In this post I’ll discuss an overview of how to best utilize data, analytics, and experiments such as A/B testing, when launching a new feature. This is what I often see neglected when designers and stakeholders are caught up in wireframes, animations, and coming up with the next big feature.
Using the Scientific Method
Lean startup, MVP, Design Thinking, UX Process-- at their core are arguably all rebranded ways of saying the scientific method, which often becomes the last step of the design process or gets completely neglected. The scientific method is a continuous process that involves the definition, and testing of a hypothesis through an experiment, resulting in measurable evidence. The measurable evidence is then compared to the predicted outcome, often times resulting in a new hypothesis, and experiment to test. So, how does this apply to designing a new feature?
Defining your Hypothesis
A feature should always be broken down into it’s smallest core part, as to make measurability more accountable. On one project I was tasked with designing the UX for adding a new comments section with the ability to Up-Vote comments, Reply to comments, and tag users in the comments section. The core hypothesis here, is that “Users will write comments”. If users don’t leave comments in the first place, there will be no comments to read, reply to, tag users in, or up-vote, so it is critical to optimize the commenting experience before adding on the rest of the features.

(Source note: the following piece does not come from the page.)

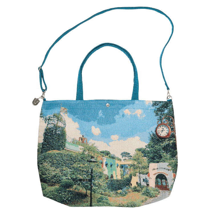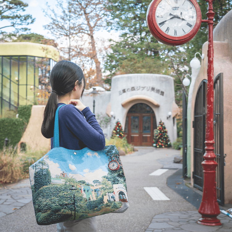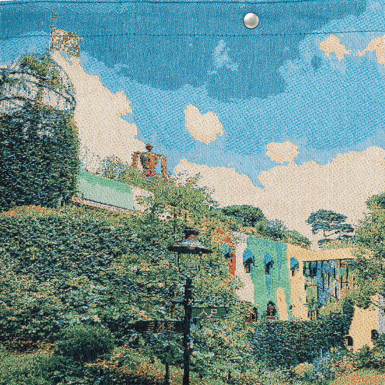 ジブリ美術館の全景をモチーフにつくられたジャガード織生地のバックです。
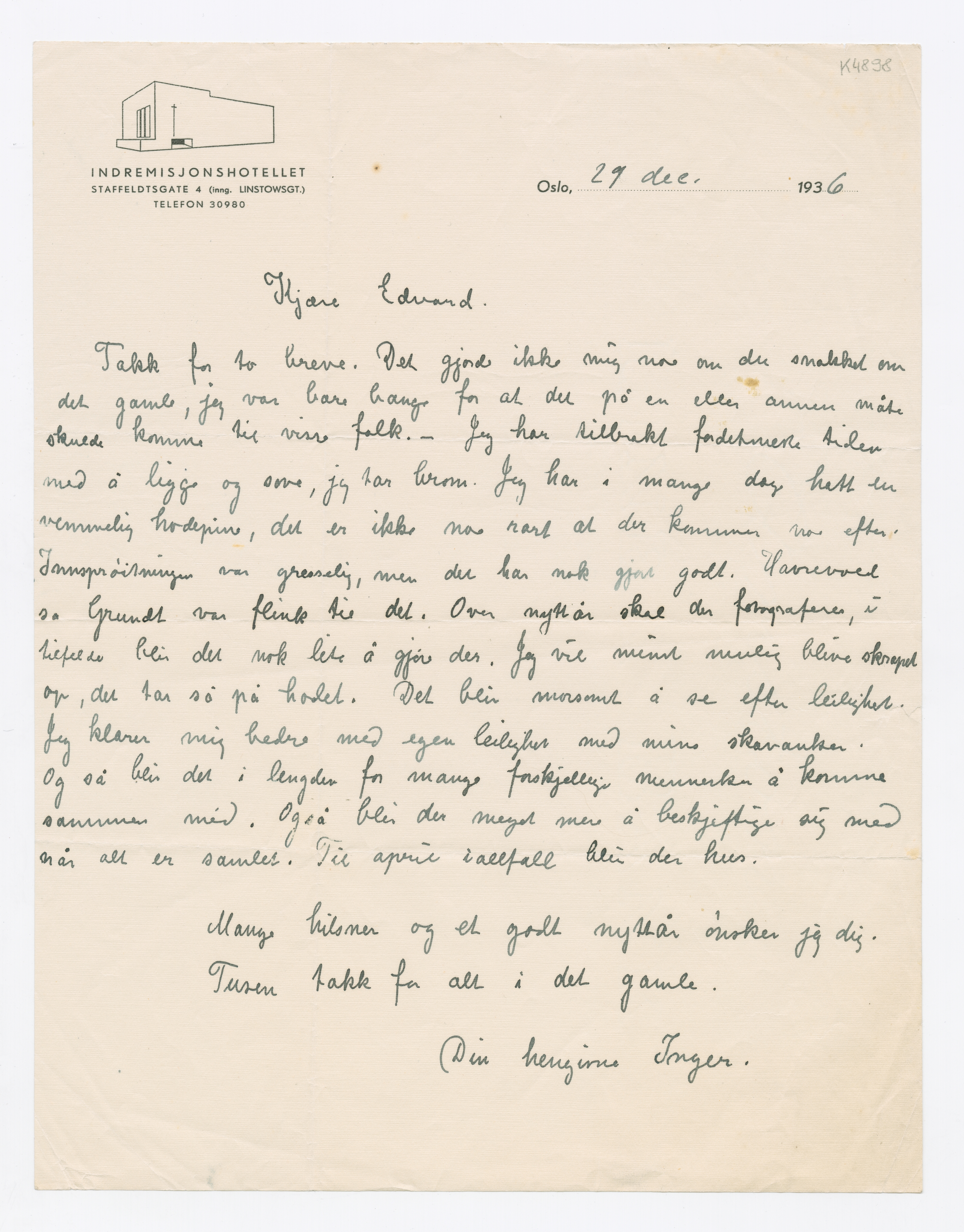 MM K 4898, Munchmuseet. Datert 29.12.1936. Brev fra Inger Munch.

It’s often the case that breaking down a feature to this bare-bones level receives a lot of push-back from stakeholders such as the client, so it is important to weigh the trade-offs, as each feature and each situation is unique. For example, will adding the ‘up-vote’ feature hinder your ability to optimize the core hypothesis of leaving comments? Probably not, if that feature is designed as a secondary call-to-action, and doesn’t conflict with the core hypotheses visual hierarchy. Will adding the ability to reply to comments hinder this optimization? Same answer, but now we also need to consider that it will slow down the development and design time, time that could have been spent gathering user analytics data through an earlier launch of a smaller feature, data that could have been used for optimizing. This means that your engineering and design resources, and access to market are a factor too.
Measuring Evidence
Once the core hypothesis of the feature is defined, it should always be paired with at least one quantifiable way to measure it’s success, through an analytics tool that does event tracking-- my preferred tool is MixPanel. These Key Performance Metrics should be defined before wireframes are made, this will keep the designs oriented around the correct business goals, and make sure that the wireframes aren’t done for the sake of making wireframes. Here are examples of what should be measured:
-what % of users tap the comment button
-what % of users start entering a comment
-what % of users post a comment
-what % of users get into the ‘see all comments’ page
These data points, as with most user analytics data points, should be analyzed separately for different segments such as new users, and returning users, as they could have drastically different experiences. These results will reveal some gaping holes and opportunities in the feature’s design and optimization, which should ideally reach a comfortable level in a private beta setting before launching the feature on a mass level.
My favorite thing about this process is that you and your coworkers can be on the opposite sides of the hypothesis, and the data will determine a real winner. I have been in situations where the stakeholders did not respect the process and data, and tried to interpret it each in their own way, but that’s a bigger cultural issue.
In future posts I will cover how A/B tests and usability tests can be utilized as a part of this process.